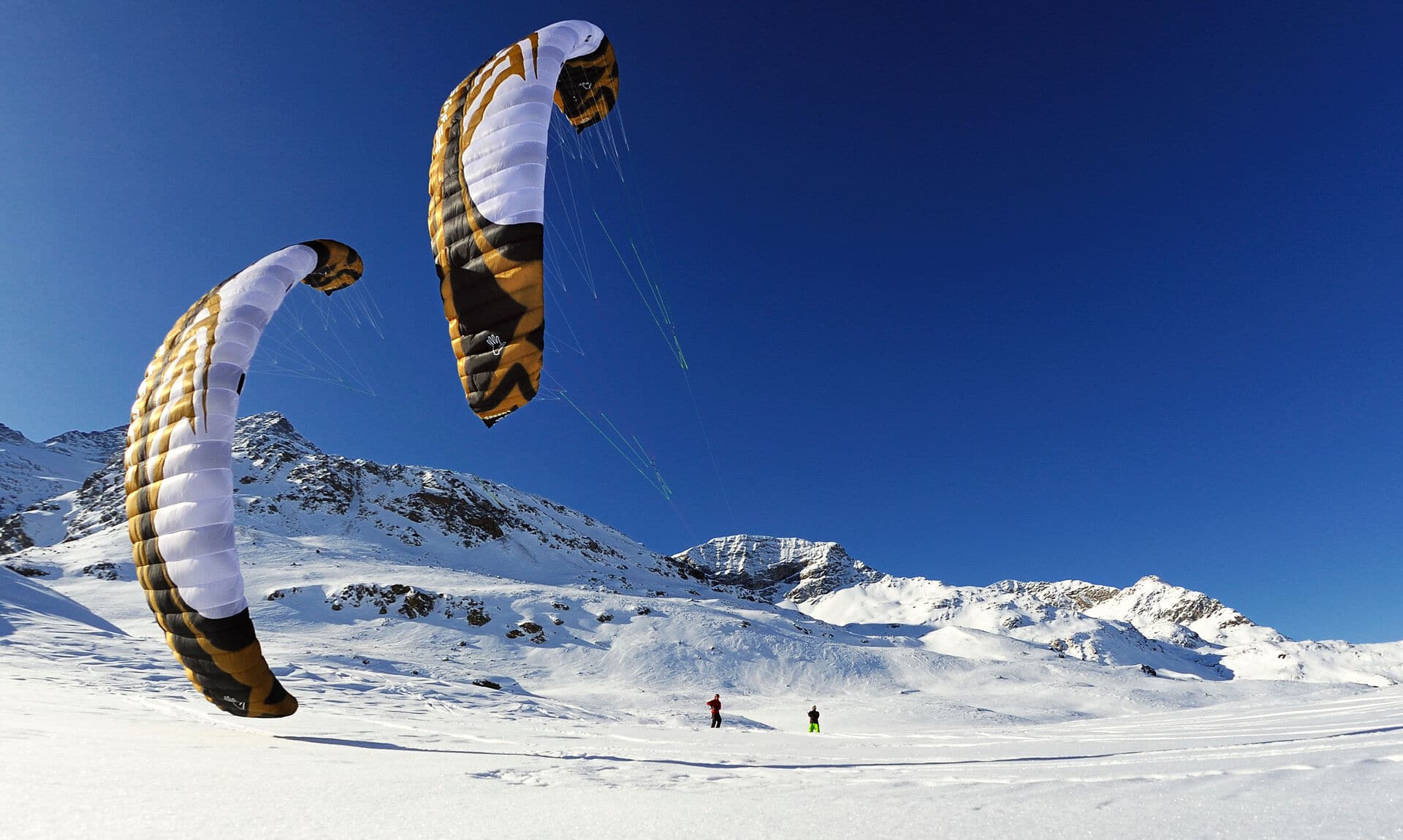 Man lässt sich als Snowkiter mit Hilfe des Windes von einem großen Lenkdrachen (Kite) über die verschneiten Wiesen oder Hänge ziehen. Es ist eine coole Art, sich so im Schnee fortzubewegen. Aber es geht nicht immer nur um das Gleiten und die Fortbewegung, denn mit einem Kite lassen sich auch atemberaubende Sprünge ermöglichen.
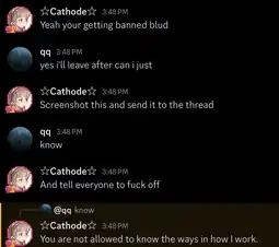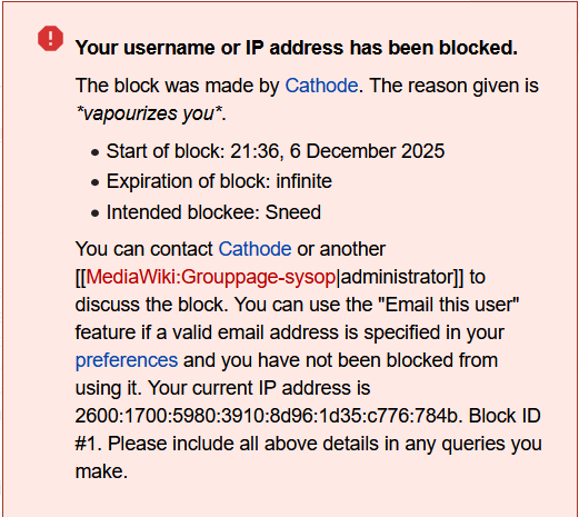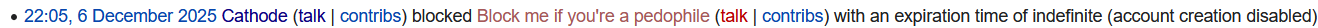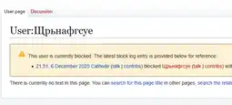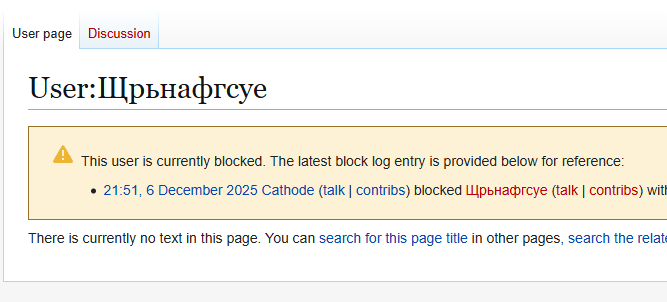 >21:51 Cathode talk contribs blocked Щрьнафгcуe talk contribs with an expiration time of indefinite (account creation disabled) (Google translate won't fucking work on me.)
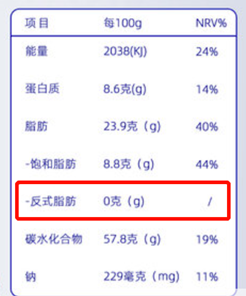在这里要提醒一下大家,即使你买的代可可脂巧克力包装上的营养成分表写着“0反式脂肪酸”,也不一定就是一点都没有。
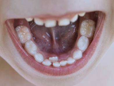 2. Si el maxilar o la mandíbula no tienen el desarrollo adecuado, el diente permanente puede erupcionar por detrás (muy común en incisivos inferiores) o en posición irregular.
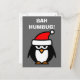 Cartão dos desenhos animados do pinguim do Natal da farsa de Bah anti. Design engraçado para os feriados de inverno com desejos ou cumprimentos personalizable das estações. Pinguim que veste um chapéu de Papai Noel.
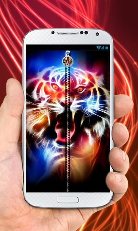 --Neon Tiger Zipper Screen Lock works with Android mobiles and tablets
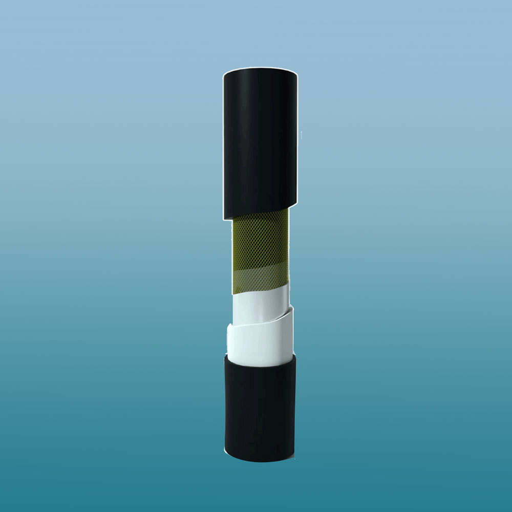 玄武巖纖維纏繞增強(qiáng)聚乙烯復(fù)合(CBF-PE)管 以聚乙烯為基體,以粘接樹(shù)脂包覆處理后的玄武巖纖維左右連續(xù)螺旋纏繞成型的網(wǎng)狀
■ ■ ■ ■
▸ Instructions to follow: For every record above, repeat the text exactly and omit any picture.

▸ Result of the task:
 Man lässt sich als Snowkiter mit Hilfe des Windes von einem großen Lenkdrachen (Kite) über die verschneiten Wiesen oder Hänge ziehen. Es ist eine coole Art, sich so im Schnee fortzubewegen. Aber es geht nicht immer nur um das Gleiten und die Fortbewegung, denn mit einem Kite lassen sich auch atemberaubende Sprünge ermöglichen.
 >21:51 Cathode talk contribs blocked Щрьнафгcуe talk contribs with an expiration time of indefinite (account creation disabled) (Google translate won't fucking work on me.)
在这里要提醒一下大家,即使你买的代可可脂巧克力包装上的营养成分表写着“0反式脂肪酸”,也不一定就是一点都没有。
 2. Si el maxilar o la mandíbula no tienen el desarrollo adecuado, el diente permanente puede erupcionar por detrás (muy común en incisivos inferiores) o en posición irregular.
 Cartão dos desenhos animados do pinguim do Natal da farsa de Bah anti. Design engraçado para os feriados de inverno com desejos ou cumprimentos personalizable das estações. Pinguim que veste um chapéu de Papai Noel.
 --Neon Tiger Zipper Screen Lock works with Android mobiles and tablets
 玄武巖纖維纏繞增強(qiáng)聚乙烯復(fù)合(CBF-PE)管 以聚乙烯為基體,以粘接樹(shù)脂包覆處理后的玄武巖纖維左右連續(xù)螺旋纏繞成型的網(wǎng)狀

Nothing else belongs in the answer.